◆ **Task**
Exact wording is required for every entry; transcribe all of them and leave the images out.

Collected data

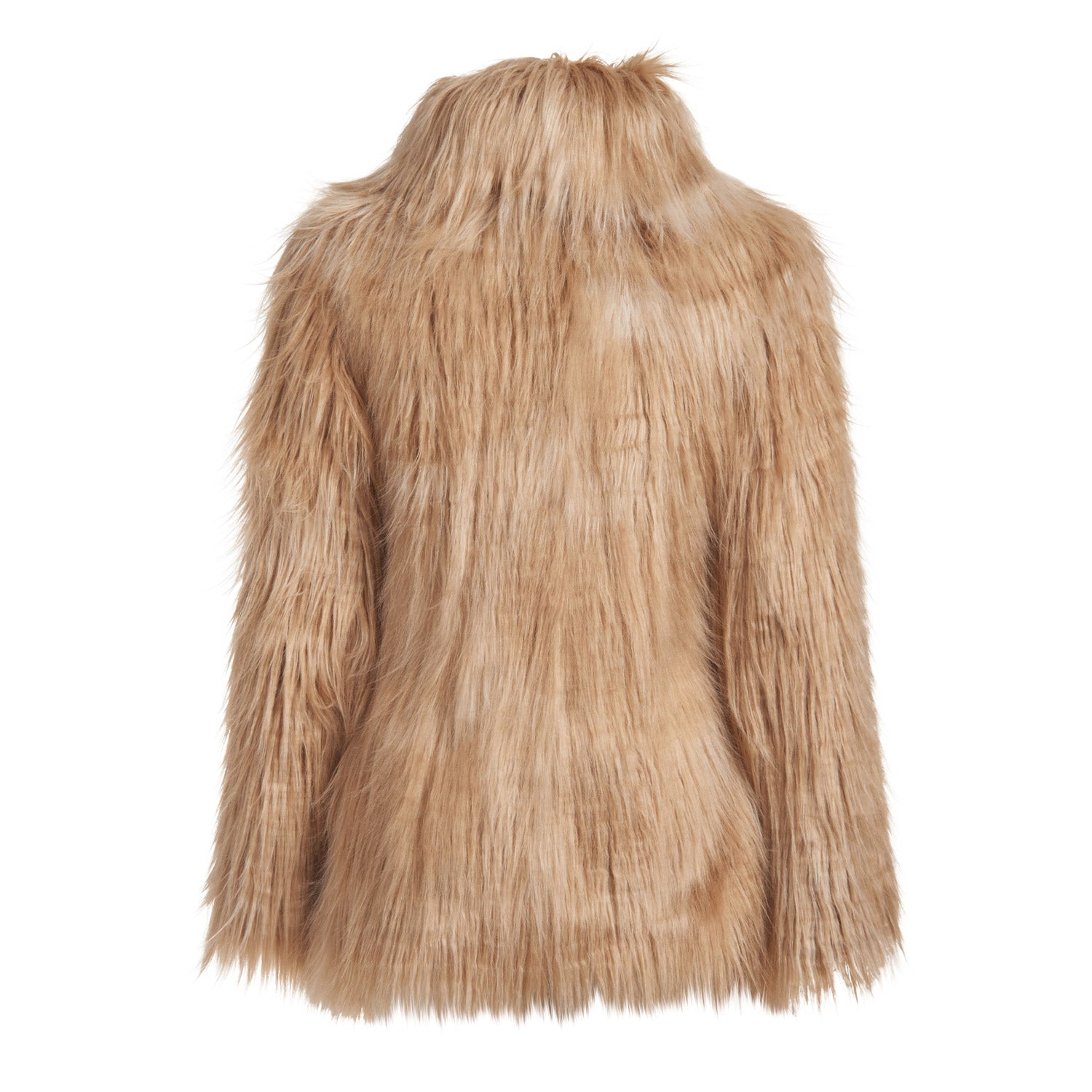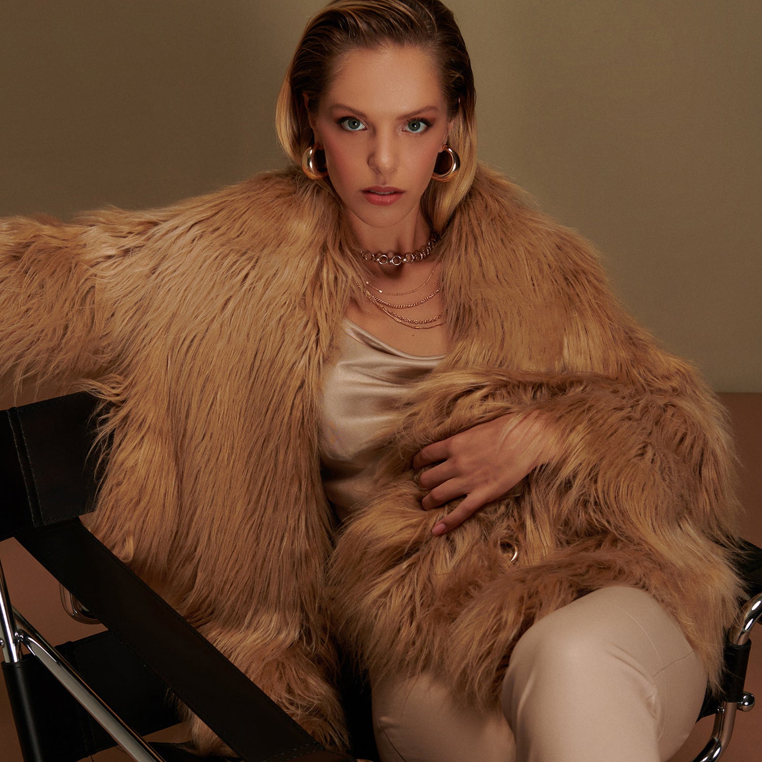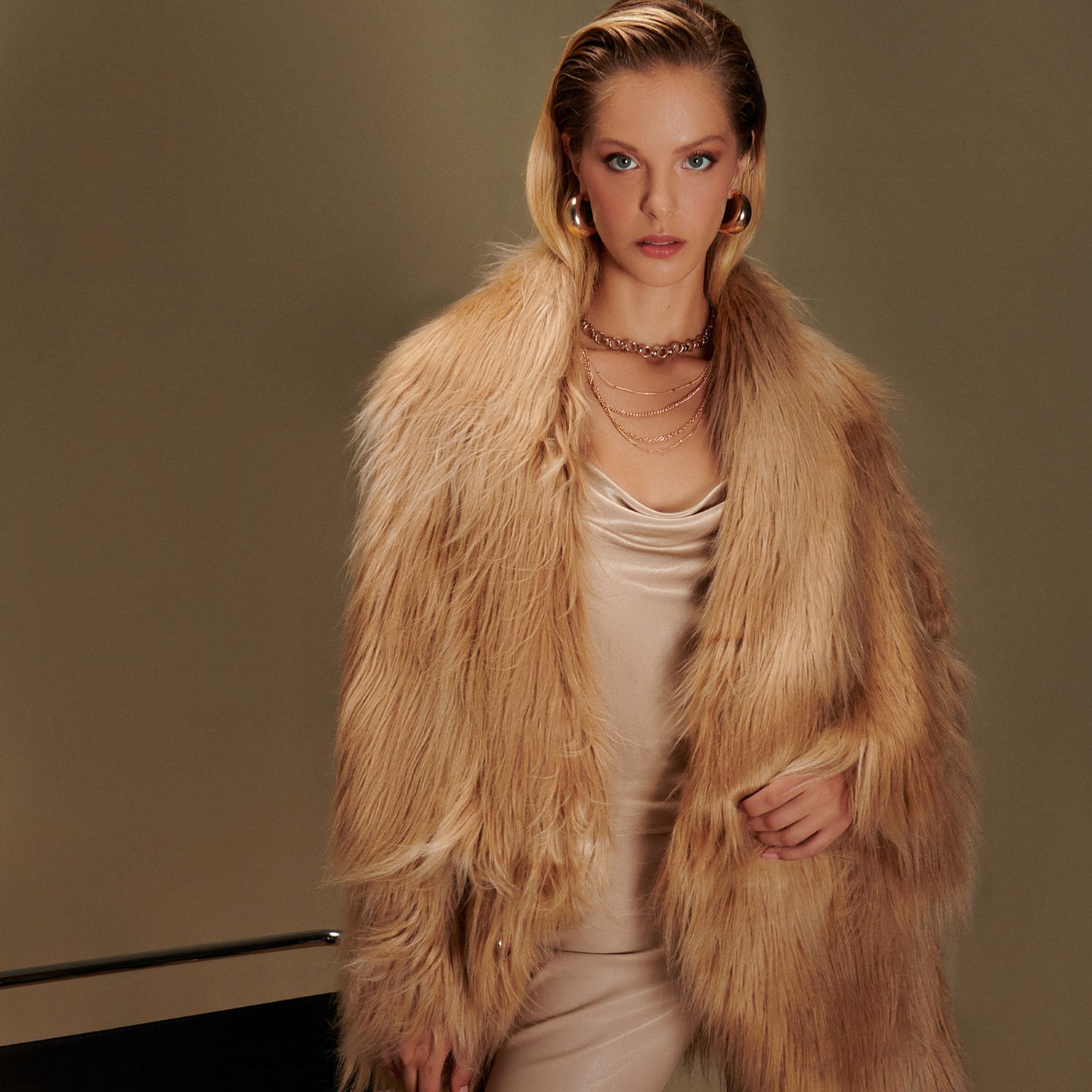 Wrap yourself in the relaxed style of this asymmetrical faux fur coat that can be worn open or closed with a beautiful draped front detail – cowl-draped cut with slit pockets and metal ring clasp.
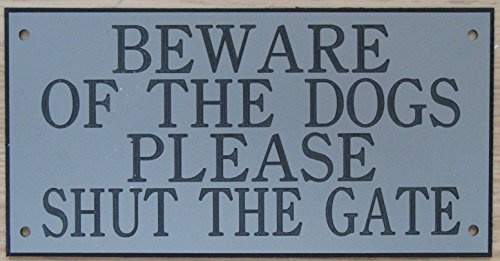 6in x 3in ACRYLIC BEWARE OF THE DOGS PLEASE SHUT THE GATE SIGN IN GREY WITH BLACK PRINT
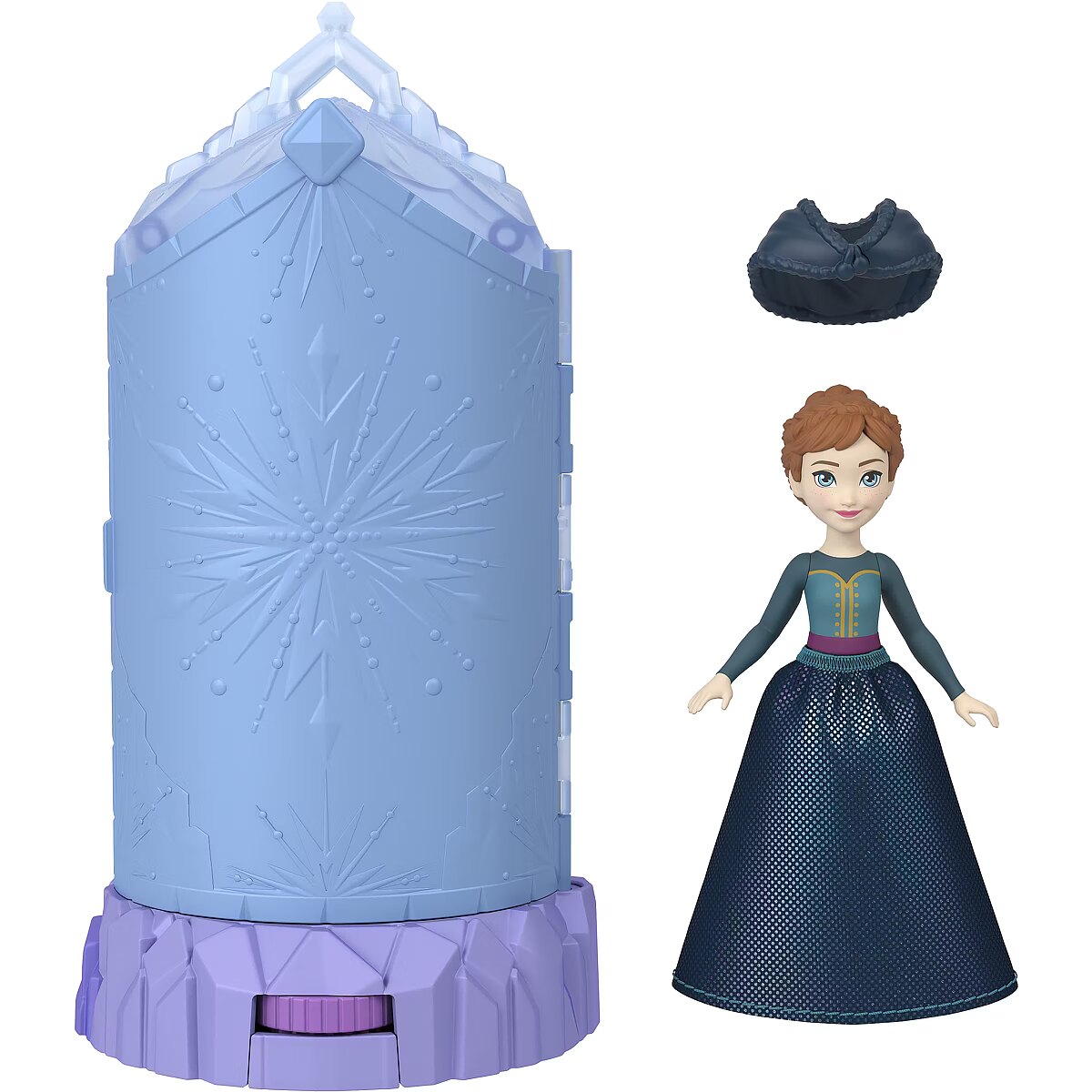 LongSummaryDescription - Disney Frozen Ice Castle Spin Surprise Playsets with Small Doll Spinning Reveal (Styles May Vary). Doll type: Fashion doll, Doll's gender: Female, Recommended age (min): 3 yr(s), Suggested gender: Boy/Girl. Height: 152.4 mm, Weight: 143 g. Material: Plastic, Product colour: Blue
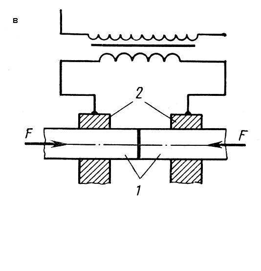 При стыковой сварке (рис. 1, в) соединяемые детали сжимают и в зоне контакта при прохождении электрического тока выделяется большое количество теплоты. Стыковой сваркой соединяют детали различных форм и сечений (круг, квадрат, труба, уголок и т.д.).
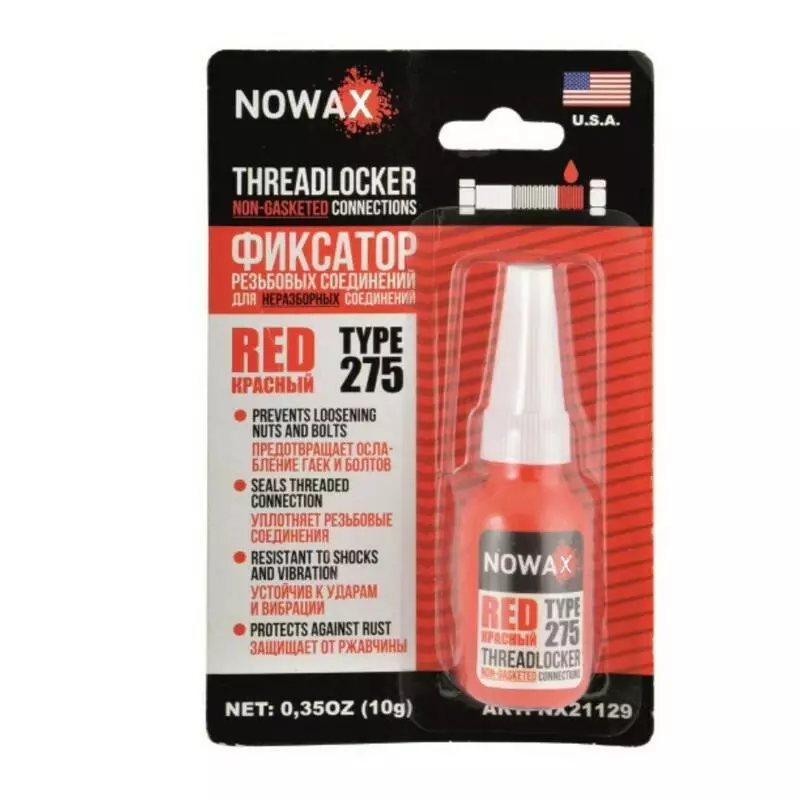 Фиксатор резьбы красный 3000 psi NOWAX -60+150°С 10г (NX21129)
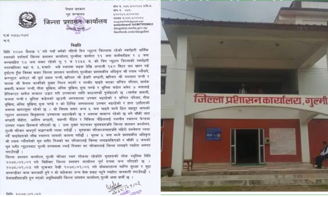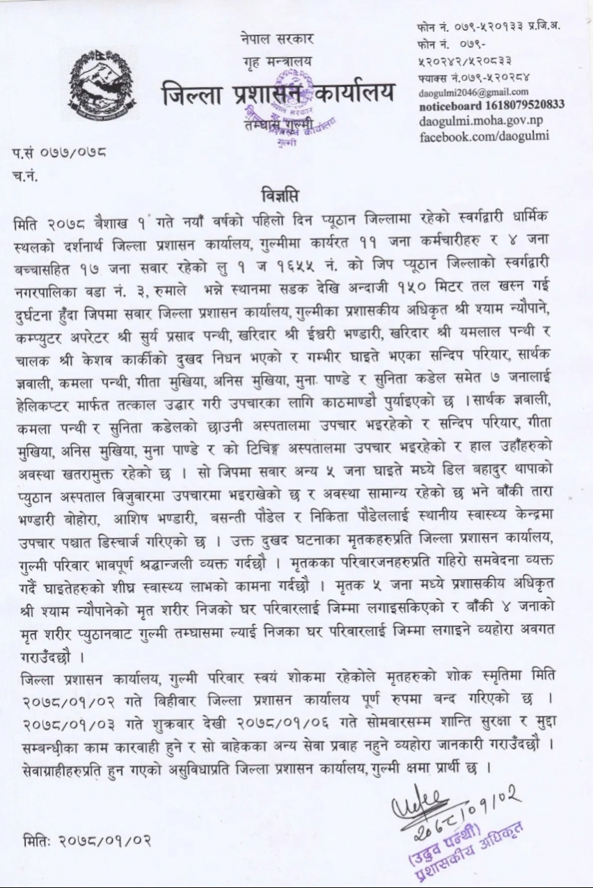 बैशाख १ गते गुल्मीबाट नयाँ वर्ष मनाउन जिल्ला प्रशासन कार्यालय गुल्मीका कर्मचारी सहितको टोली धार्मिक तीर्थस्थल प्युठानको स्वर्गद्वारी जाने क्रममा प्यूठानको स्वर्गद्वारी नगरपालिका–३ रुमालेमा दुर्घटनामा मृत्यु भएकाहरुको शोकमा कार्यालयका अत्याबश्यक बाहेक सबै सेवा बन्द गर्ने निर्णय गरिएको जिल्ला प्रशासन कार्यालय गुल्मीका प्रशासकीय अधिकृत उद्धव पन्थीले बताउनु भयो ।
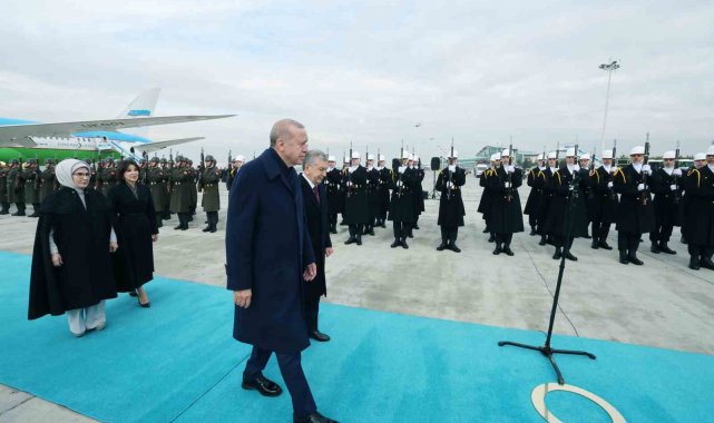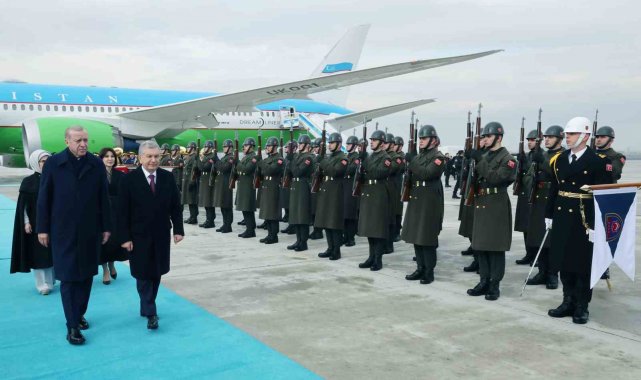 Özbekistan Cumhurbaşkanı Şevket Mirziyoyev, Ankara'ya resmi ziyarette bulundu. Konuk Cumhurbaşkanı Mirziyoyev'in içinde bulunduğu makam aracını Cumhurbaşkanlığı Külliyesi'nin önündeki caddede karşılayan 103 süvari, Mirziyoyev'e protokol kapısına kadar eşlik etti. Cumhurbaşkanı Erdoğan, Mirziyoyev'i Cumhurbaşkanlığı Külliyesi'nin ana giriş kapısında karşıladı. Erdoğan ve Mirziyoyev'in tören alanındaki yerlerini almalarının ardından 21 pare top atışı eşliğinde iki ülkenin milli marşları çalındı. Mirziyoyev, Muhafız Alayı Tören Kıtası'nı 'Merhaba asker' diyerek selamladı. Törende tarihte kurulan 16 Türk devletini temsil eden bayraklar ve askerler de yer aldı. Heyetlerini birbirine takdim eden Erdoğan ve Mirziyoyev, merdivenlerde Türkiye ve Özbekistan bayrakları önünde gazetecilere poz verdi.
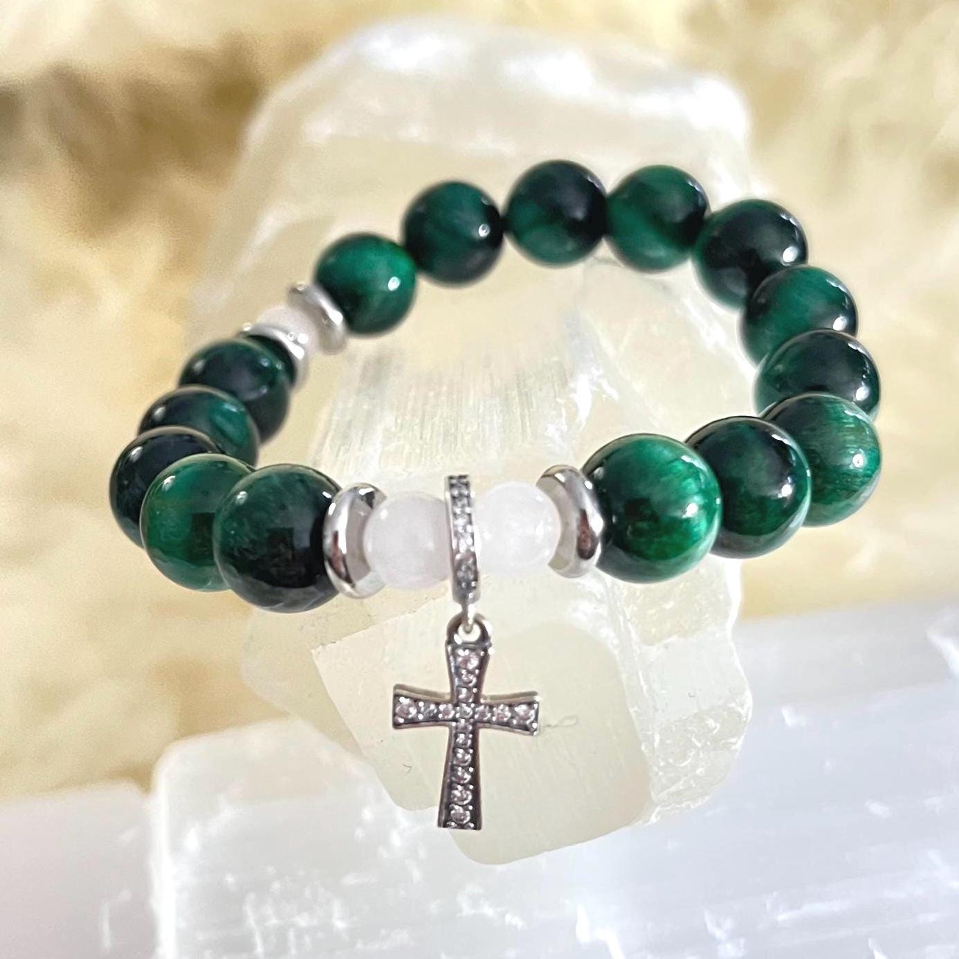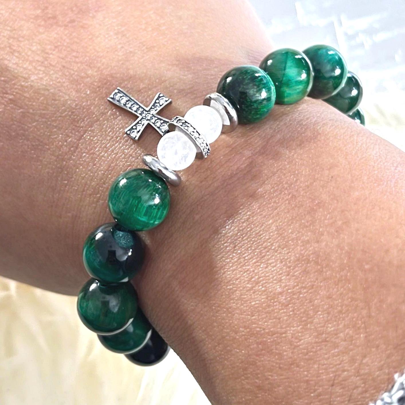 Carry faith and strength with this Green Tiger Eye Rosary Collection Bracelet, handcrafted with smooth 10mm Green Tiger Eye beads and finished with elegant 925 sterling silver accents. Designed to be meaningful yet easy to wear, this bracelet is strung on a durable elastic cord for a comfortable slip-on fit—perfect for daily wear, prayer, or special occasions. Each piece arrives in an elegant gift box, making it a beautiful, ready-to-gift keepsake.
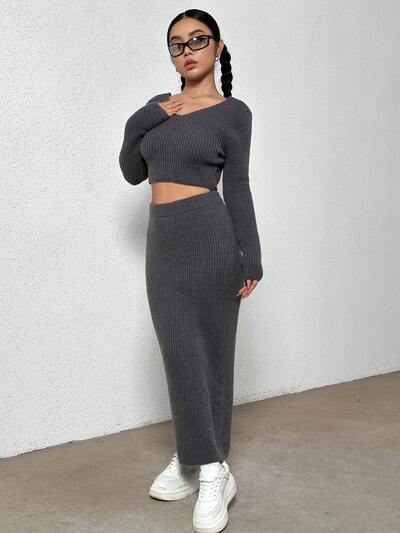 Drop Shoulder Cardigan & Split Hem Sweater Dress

◆ **Answer box**
 Wrap yourself in the relaxed style of this asymmetrical faux fur coat that can be worn open or closed with a beautiful draped front detail – cowl-draped cut with slit pockets and metal ring clasp.
 6in x 3in ACRYLIC BEWARE OF THE DOGS PLEASE SHUT THE GATE SIGN IN GREY WITH BLACK PRINT
 LongSummaryDescription - Disney Frozen Ice Castle Spin Surprise Playsets with Small Doll Spinning Reveal (Styles May Vary). Doll type: Fashion doll, Doll's gender: Female, Recommended age (min): 3 yr(s), Suggested gender: Boy/Girl. Height: 152.4 mm, Weight: 143 g. Material: Plastic, Product colour: Blue
 При стыковой сварке (рис. 1, в) соединяемые детали сжимают и в зоне контакта при прохождении электрического тока выделяется большое количество теплоты. Стыковой сваркой соединяют детали различных форм и сечений (круг, квадрат, труба, уголок и т.д.).
 Фиксатор резьбы красный 3000 psi NOWAX -60+150°С 10г (NX21129)
 बैशाख १ गते गुल्मीबाट नयाँ वर्ष मनाउन जिल्ला प्रशासन कार्यालय गुल्मीका कर्मचारी सहितको टोली धार्मिक तीर्थस्थल प्युठानको स्वर्गद्वारी जाने क्रममा प्यूठानको स्वर्गद्वारी नगरपालिका–३ रुमालेमा दुर्घटनामा मृत्यु भएकाहरुको शोकमा कार्यालयका अत्याबश्यक बाहेक सबै सेवा बन्द गर्ने निर्णय गरिएको जिल्ला प्रशासन कार्यालय गुल्मीका प्रशासकीय अधिकृत उद्धव पन्थीले बताउनु भयो ।
 Özbekistan Cumhurbaşkanı Şevket Mirziyoyev, Ankara'ya resmi ziyarette bulundu. Konuk Cumhurbaşkanı Mirziyoyev'in içinde bulunduğu makam aracını Cumhurbaşkanlığı Külliyesi'nin önündeki caddede karşılayan 103 süvari, Mirziyoyev'e protokol kapısına kadar eşlik etti. Cumhurbaşkanı Erdoğan, Mirziyoyev'i Cumhurbaşkanlığı Külliyesi'nin ana giriş kapısında karşıladı. Erdoğan ve Mirziyoyev'in tören alanındaki yerlerini almalarının ardından 21 pare top atışı eşliğinde iki ülkenin milli marşları çalındı. Mirziyoyev, Muhafız Alayı Tören Kıtası'nı 'Merhaba asker' diyerek selamladı. Törende tarihte kurulan 16 Türk devletini temsil eden bayraklar ve askerler de yer aldı. Heyetlerini birbirine takdim eden Erdoğan ve Mirziyoyev, merdivenlerde Türkiye ve Özbekistan bayrakları önünde gazetecilere poz verdi.
 Carry faith and strength with this Green Tiger Eye Rosary Collection Bracelet, handcrafted with smooth 10mm Green Tiger Eye beads and finished with elegant 925 sterling silver accents. Designed to be meaningful yet easy to wear, this bracelet is strung on a durable elastic cord for a comfortable slip-on fit—perfect for daily wear, prayer, or special occasions. Each piece arrives in an elegant gift box, making it a beautiful, ready-to-gift keepsake.
 Drop Shoulder Cardigan & Split Hem Sweater Dress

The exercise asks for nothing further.